+++ Data to process +++

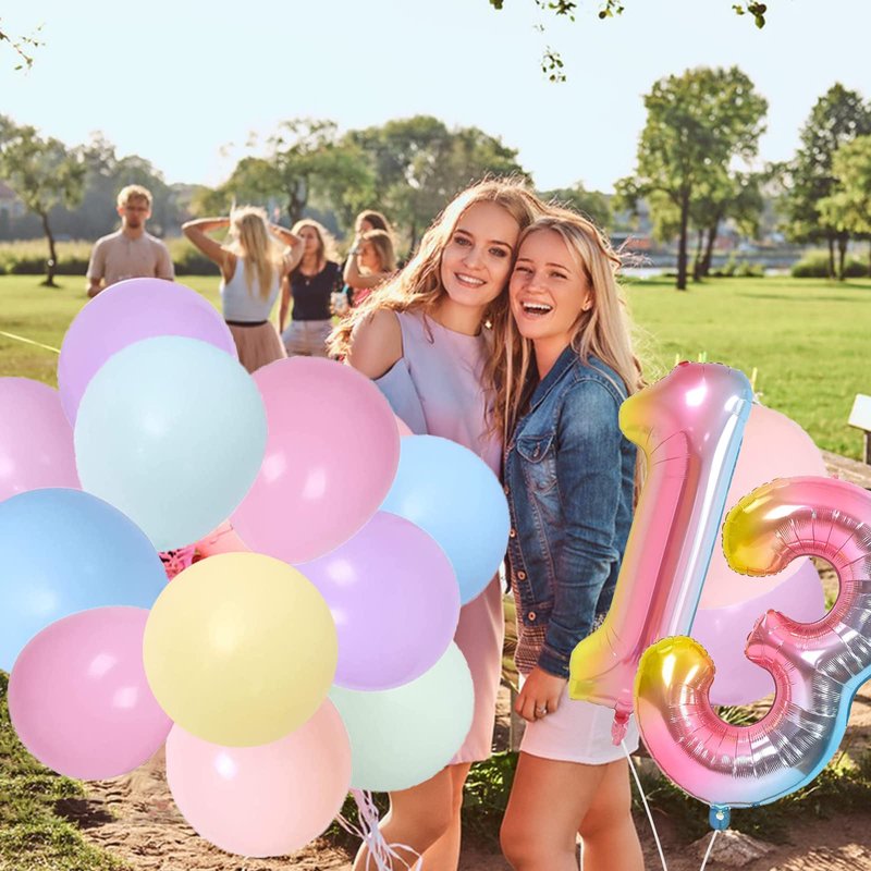BRT Bearingshui 13th Birthday Decorations for Girls Boys, 40 Inch Rainbow Gradient Number 13 Balloon, 13th Birthday Balloon, Happy Birthday Banner, Children’s 13th Birthday Party Supplies
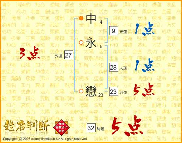 中永戀さんの総運は32画の5点!
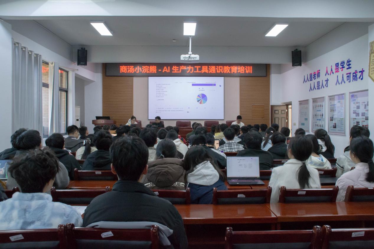 揭牌仪式后,商汤科技技术总监莽维奇以《从业20年到AI时代:技术人如何抓住未来十年》为主题进行分享,从个人职业路径出发,系统梳理了人工智能产业的发展趋势,为学生提供了理解行业变化的视角。商汤科技产品运营经理李佳欢带来《小浣熊家族产品介绍——AI时代的智能生产力助手》主题讲解,围绕软件开发、数据分析、任务规划等典型场景展开演示,并带领学生进行现场操作,帮助大家理解AI工具如何提升实际工作中的效率与质量。
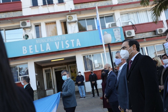 Interior | En el marco de la recorrida que se encuentra realizando el gobernador, Gustavo Valdés por algunas localidades del interior se dirigió para visitar Colonia Liebig una de las comunas de la Costa del río Uruguay al norte y con los cuidados pertinentes por la pandemia del Coronavirus COVID 19 que azota al mundo, aprovechó la ocasión en el día de su 96° aniversario de fundación para entregar 10 viviendas, inaugurar un Centro de Control Policial, recorrer obras y visitar la planta de ARCOR.
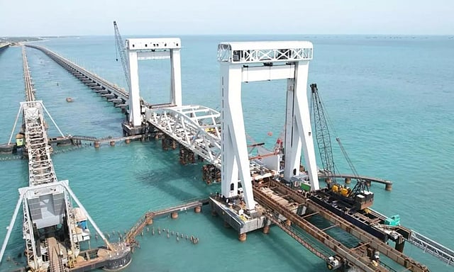 இதனிடையே, பாம்பன் கடலில் ரூ.546 கோடி மதிப்பில் கட்டப்பட்ட புதிய ரெயில் பாலம் கட்டி முடிக்கப்பட்டது. கடல் மட்டத்தில் இருந்து சுமார் 17 மீட்டர் உயரத்தில் அமைக்கப்பட்டுள்ள இந்த பாலத்தின் நடுவில் 650 டன் எடை கொண்ட தூக்குப் பாலமும் அமைக்கப்பட்டு உள்ளது. கப்பல்கள் செல்லும்போது இந்த செங்குத்து பாலம் செங்குத்து வடிவில் திறக்கும்.
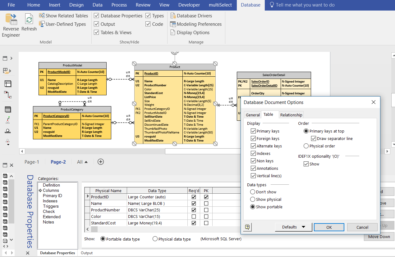 The Database Document Display options affect how each element is presented in the diagram. This affects all pages within the document, so it may be necessary to check the effect changes have on the arrangement on each page.
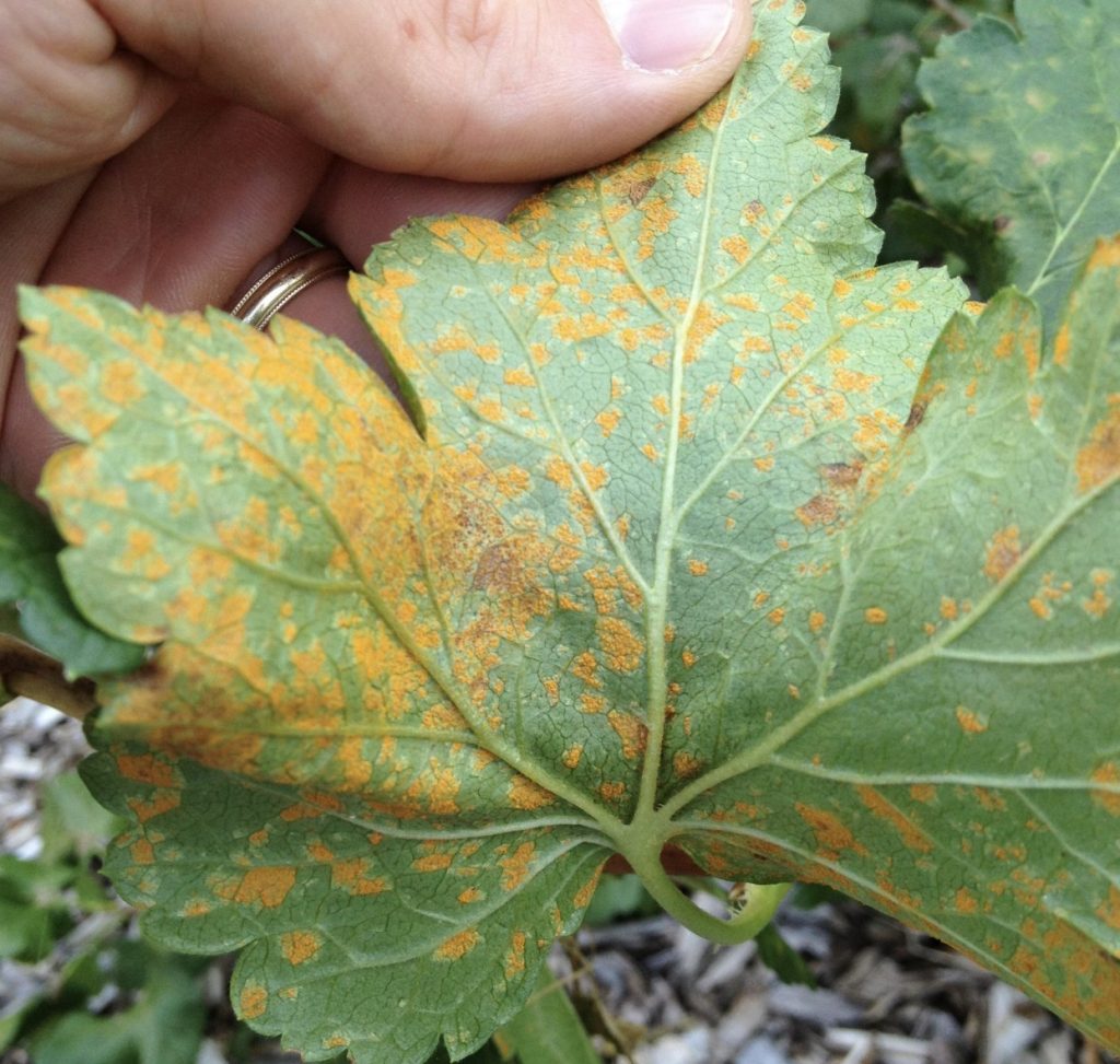 Dacă observați mici formațiuni maro înconjurate de o margine galbenă pe partea superioară a frunzelor de coacăz, înseamnă că coacăzul s-a îmbolnăvit de rugina cauzată de Puccinia ribesii caricis.
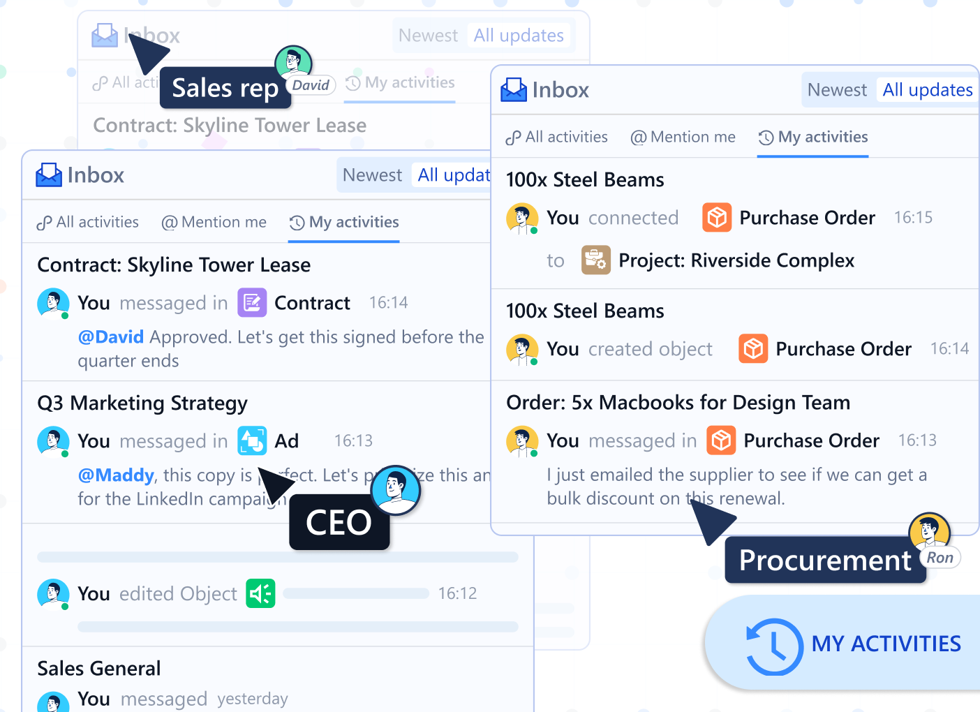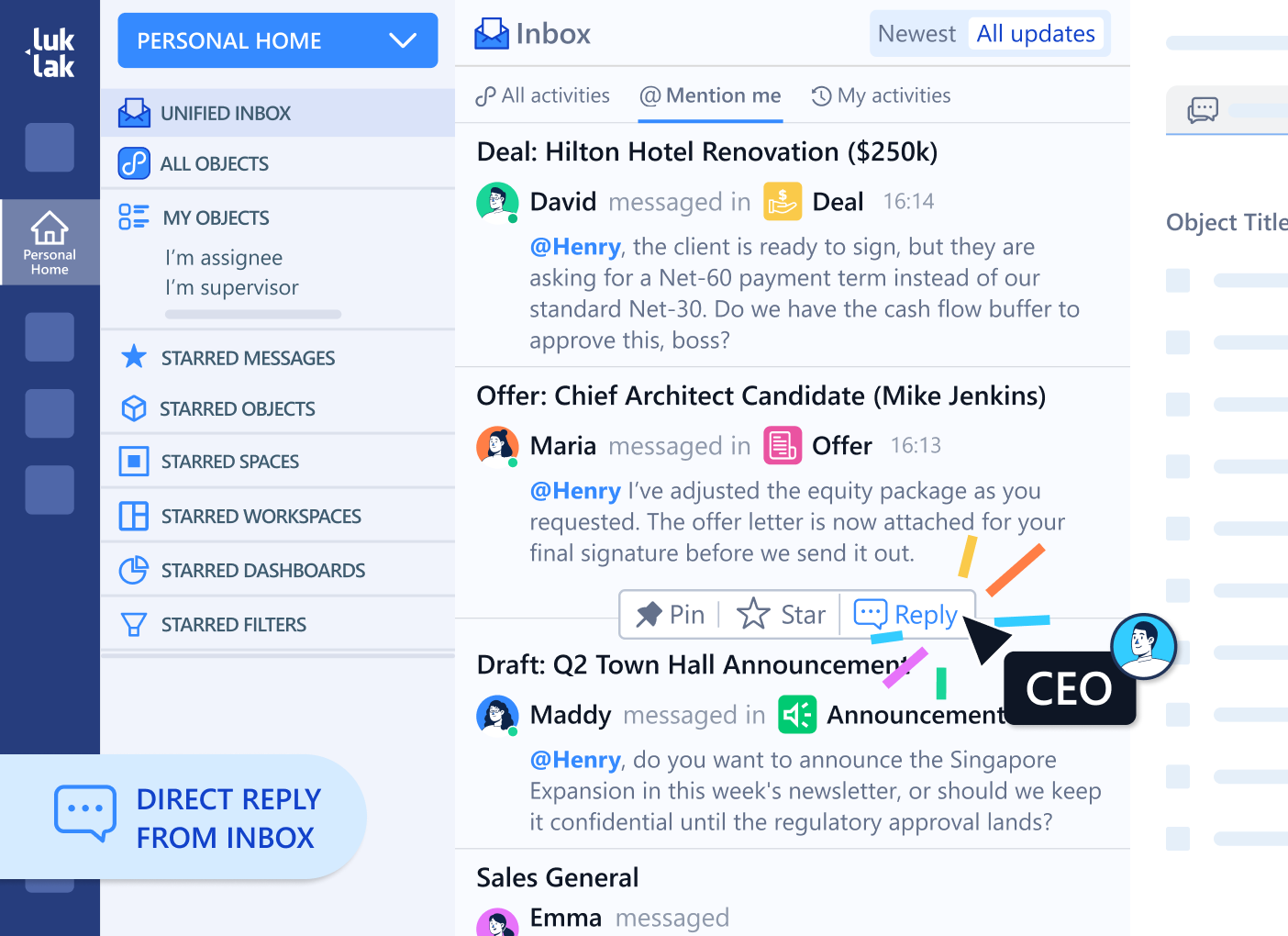 Đừng chỉ xem — hãy hành động. Trả lời tin nhắn ngay trong hộp thư. Gỡ vướng mắc ngay khi nó xuất hiện mà không làm gián đoạn mạch làm việc hiện tại.
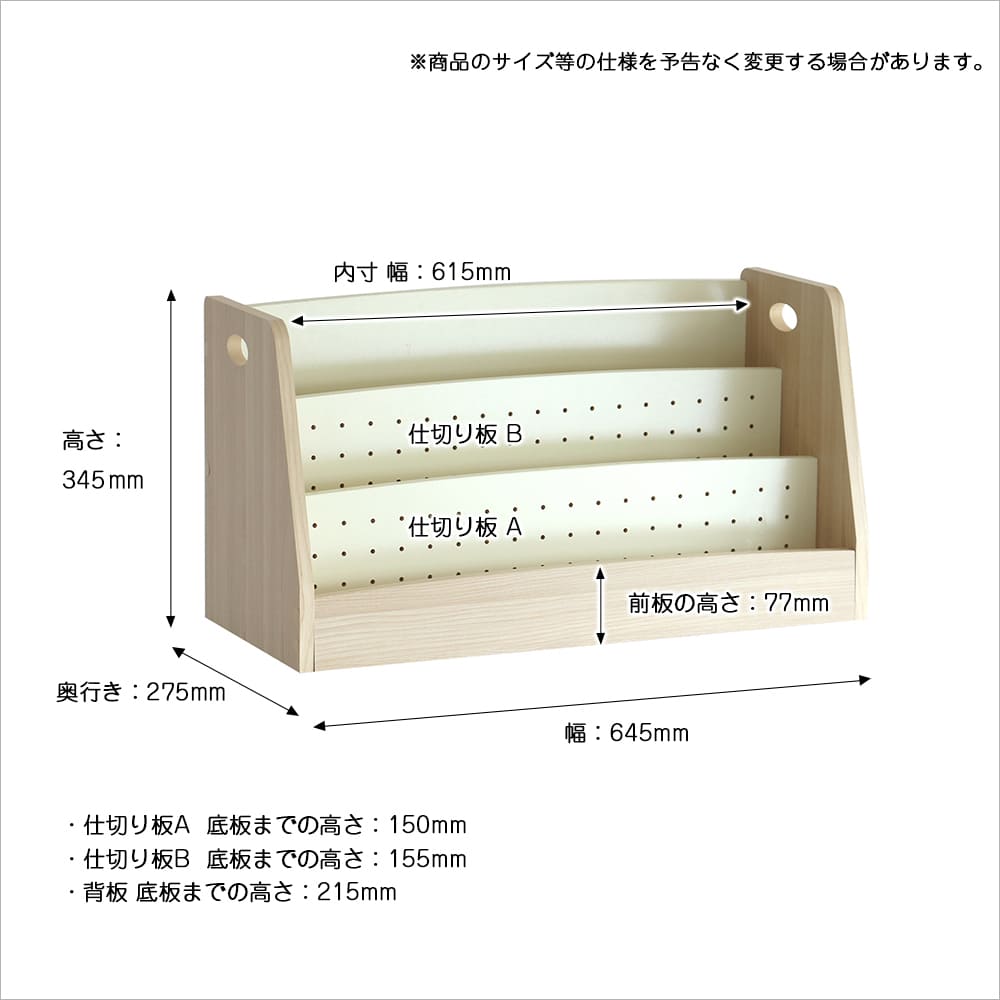 全体の高さは約35cmと低く設計されており、子どもが自分の手で絵本を取って戻せる高さ。
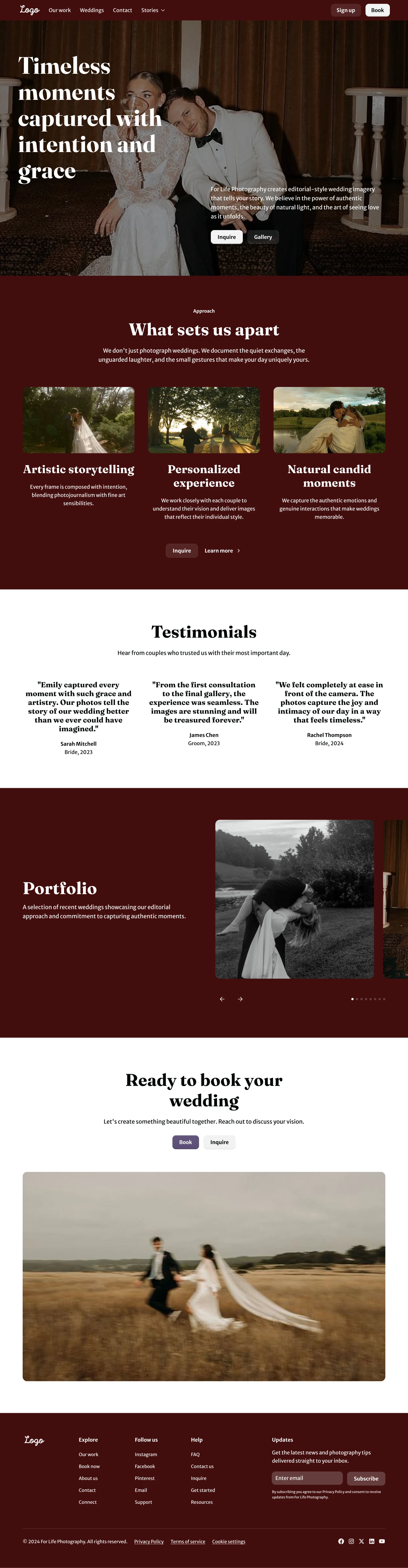 Designed a responsive wedding photography landing page in one day using Figma and Relume. Demonstrates my ability to create sites quickly for clients.
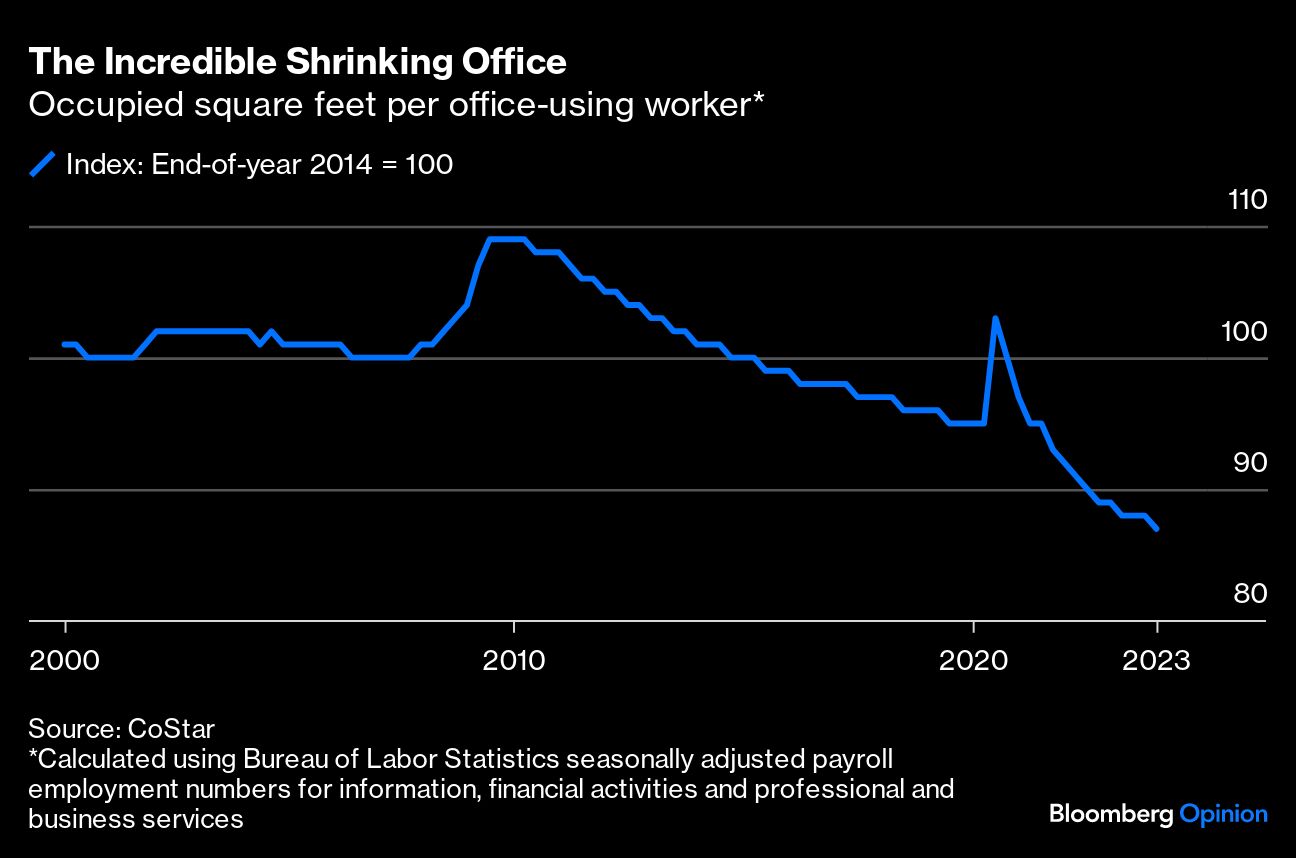 (Bloomberg Opinion) -- In the decade before the pandemic, the amount of office space per worker in the US shrank steadily — a trend given the charming name “densification.” Saving money was one driver, as was a belief among some employers that denser layouts encouraged interaction and innovation. But the best predictor of densification was “market-level job growth and the availability of space (or lack thereof),” commercial real estate brokerage Cushman & Wakefield concluded in a 2018 analysis of the phenomenon. That is, in large office markets such as Manhattan and San Francisco and up-and-coming ones such as Miami and Nashville, companies were simply hiring workers faster than they could find space for them.
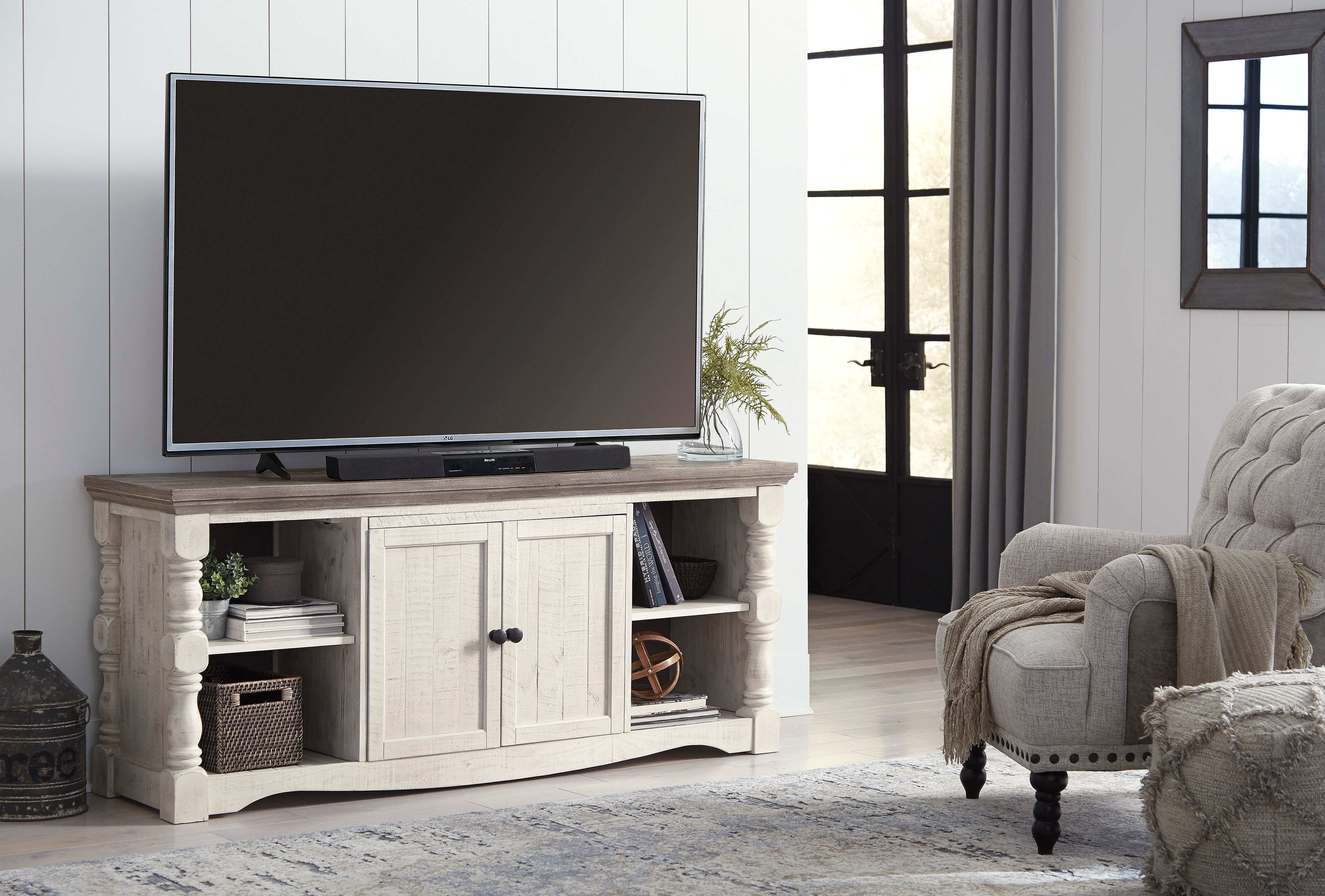 Set your sights on modern farmhouse style with the Havalance XL TV stand. Distressed two-tone treatment blends a weathered gray with vintage white for an utterly charming effect. Turned posts lend a hearty, substantial look that feels right at home, while plenty of open shelving makes the aesthetic anything but heavy.
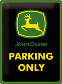 Cedule z velmi silného ocelového plechu s barevným logem John Deere a žlutým nápisem "Parking only". Zdobení pomocí reliéfu je vytvořeno do několika vrstev plechu. Vyrobeno v Německu. Rozměry: 30 x 40 cm

+++

In your copy, reproduce the data above exactly and skip every picture.

BRT Bearingshui 13th Birthday Decorations for Girls Boys, 40 Inch Rainbow Gradient Number 13 Balloon, 13th Birthday Balloon, Happy Birthday Banner, Children’s 13th Birthday Party Supplies
 中永戀さんの総運は32画の5点!
 揭牌仪式后,商汤科技技术总监莽维奇以《从业20年到AI时代:技术人如何抓住未来十年》为主题进行分享,从个人职业路径出发,系统梳理了人工智能产业的发展趋势,为学生提供了理解行业变化的视角。商汤科技产品运营经理李佳欢带来《小浣熊家族产品介绍——AI时代的智能生产力助手》主题讲解,围绕软件开发、数据分析、任务规划等典型场景展开演示,并带领学生进行现场操作,帮助大家理解AI工具如何提升实际工作中的效率与质量。
 Interior | En el marco de la recorrida que se encuentra realizando el gobernador, Gustavo Valdés por algunas localidades del interior se dirigió para visitar Colonia Liebig una de las comunas de la Costa del río Uruguay al norte y con los cuidados pertinentes por la pandemia del Coronavirus COVID 19 que azota al mundo, aprovechó la ocasión en el día de su 96° aniversario de fundación para entregar 10 viviendas, inaugurar un Centro de Control Policial, recorrer obras y visitar la planta de ARCOR.
 இதனிடையே, பாம்பன் கடலில் ரூ.546 கோடி மதிப்பில் கட்டப்பட்ட புதிய ரெயில் பாலம் கட்டி முடிக்கப்பட்டது. கடல் மட்டத்தில் இருந்து சுமார் 17 மீட்டர் உயரத்தில் அமைக்கப்பட்டுள்ள இந்த பாலத்தின் நடுவில் 650 டன் எடை கொண்ட தூக்குப் பாலமும் அமைக்கப்பட்டு உள்ளது. கப்பல்கள் செல்லும்போது இந்த செங்குத்து பாலம் செங்குத்து வடிவில் திறக்கும்.
 The Database Document Display options affect how each element is presented in the diagram. This affects all pages within the document, so it may be necessary to check the effect changes have on the arrangement on each page.
 Dacă observați mici formațiuni maro înconjurate de o margine galbenă pe partea superioară a frunzelor de coacăz, înseamnă că coacăzul s-a îmbolnăvit de rugina cauzată de Puccinia ribesii caricis.
 Đừng chỉ xem — hãy hành động. Trả lời tin nhắn ngay trong hộp thư. Gỡ vướng mắc ngay khi nó xuất hiện mà không làm gián đoạn mạch làm việc hiện tại.
 全体の高さは約35cmと低く設計されており、子どもが自分の手で絵本を取って戻せる高さ。
 Designed a responsive wedding photography landing page in one day using Figma and Relume. Demonstrates my ability to create sites quickly for clients.
 (Bloomberg Opinion) -- In the decade before the pandemic, the amount of office space per worker in the US shrank steadily — a trend given the charming name “densification.” Saving money was one driver, as was a belief among some employers that denser layouts encouraged interaction and innovation. But the best predictor of densification was “market-level job growth and the availability of space (or lack thereof),” commercial real estate brokerage Cushman & Wakefield concluded in a 2018 analysis of the phenomenon. That is, in large office markets such as Manhattan and San Francisco and up-and-coming ones such as Miami and Nashville, companies were simply hiring workers faster than they could find space for them.
 Set your sights on modern farmhouse style with the Havalance XL TV stand. Distressed two-tone treatment blends a weathered gray with vintage white for an utterly charming effect. Turned posts lend a hearty, substantial look that feels right at home, while plenty of open shelving makes the aesthetic anything but heavy.
 Cedule z velmi silného ocelového plechu s barevným logem John Deere a žlutým nápisem "Parking only". Zdobení pomocí reliéfu je vytvořeno do několika vrstev plechu. Vyrobeno v Německu. Rozměry: 30 x 40 cm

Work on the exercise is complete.